Action item:
Exact copies of the lines below are the goal; any images in them are dropped.

Raw data:
/---

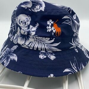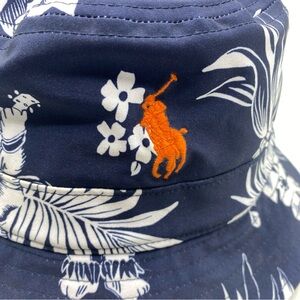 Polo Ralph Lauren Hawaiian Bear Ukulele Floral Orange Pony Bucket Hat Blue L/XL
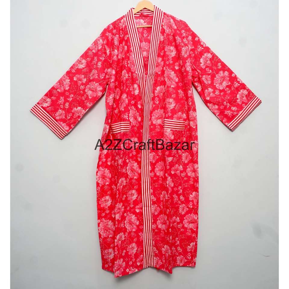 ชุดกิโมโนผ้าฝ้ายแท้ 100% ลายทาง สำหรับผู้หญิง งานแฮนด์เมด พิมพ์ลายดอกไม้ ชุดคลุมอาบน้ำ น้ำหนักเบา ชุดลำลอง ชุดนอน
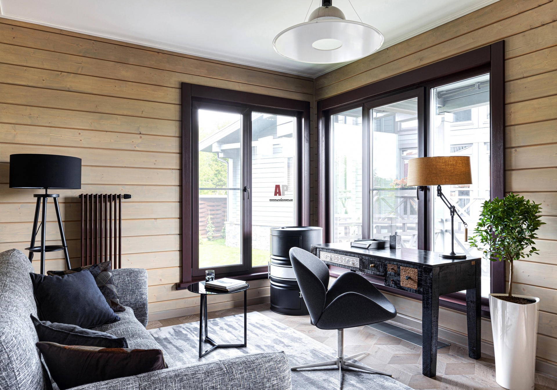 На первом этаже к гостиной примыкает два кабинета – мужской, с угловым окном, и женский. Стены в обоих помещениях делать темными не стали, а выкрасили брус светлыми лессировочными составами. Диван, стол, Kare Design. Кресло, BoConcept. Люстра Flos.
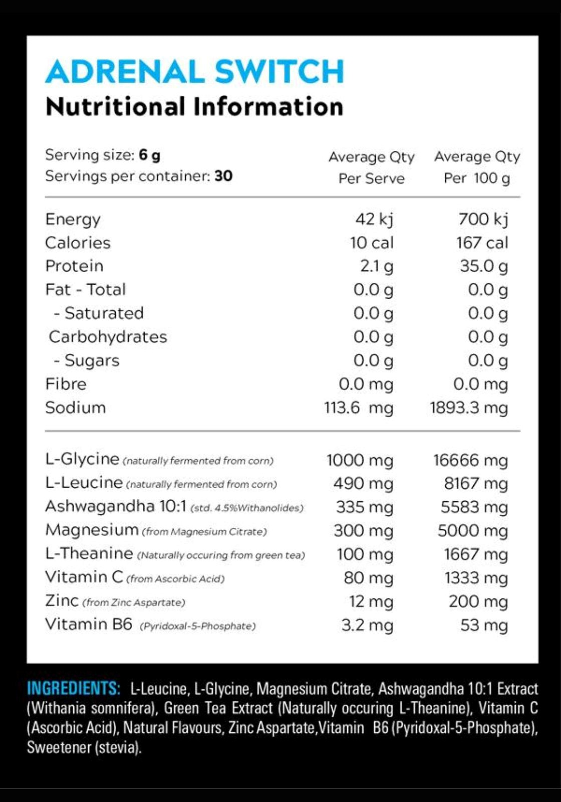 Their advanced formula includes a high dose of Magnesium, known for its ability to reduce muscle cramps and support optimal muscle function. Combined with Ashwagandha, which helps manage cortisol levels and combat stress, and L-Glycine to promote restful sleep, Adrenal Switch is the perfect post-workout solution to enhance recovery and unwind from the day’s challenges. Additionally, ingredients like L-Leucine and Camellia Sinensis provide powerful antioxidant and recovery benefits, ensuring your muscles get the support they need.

\---

Answer to the exercise:
 Polo Ralph Lauren Hawaiian Bear Ukulele Floral Orange Pony Bucket Hat Blue L/XL
 ชุดกิโมโนผ้าฝ้ายแท้ 100% ลายทาง สำหรับผู้หญิง งานแฮนด์เมด พิมพ์ลายดอกไม้ ชุดคลุมอาบน้ำ น้ำหนักเบา ชุดลำลอง ชุดนอน
 На первом этаже к гостиной примыкает два кабинета – мужской, с угловым окном, и женский. Стены в обоих помещениях делать темными не стали, а выкрасили брус светлыми лессировочными составами. Диван, стол, Kare Design. Кресло, BoConcept. Люстра Flos.
 Their advanced formula includes a high dose of Magnesium, known for its ability to reduce muscle cramps and support optimal muscle function. Combined with Ashwagandha, which helps manage cortisol levels and combat stress, and L-Glycine to promote restful sleep, Adrenal Switch is the perfect post-workout solution to enhance recovery and unwind from the day’s challenges. Additionally, ingredients like L-Leucine and Camellia Sinensis provide powerful antioxidant and recovery benefits, ensuring your muscles get the support they need.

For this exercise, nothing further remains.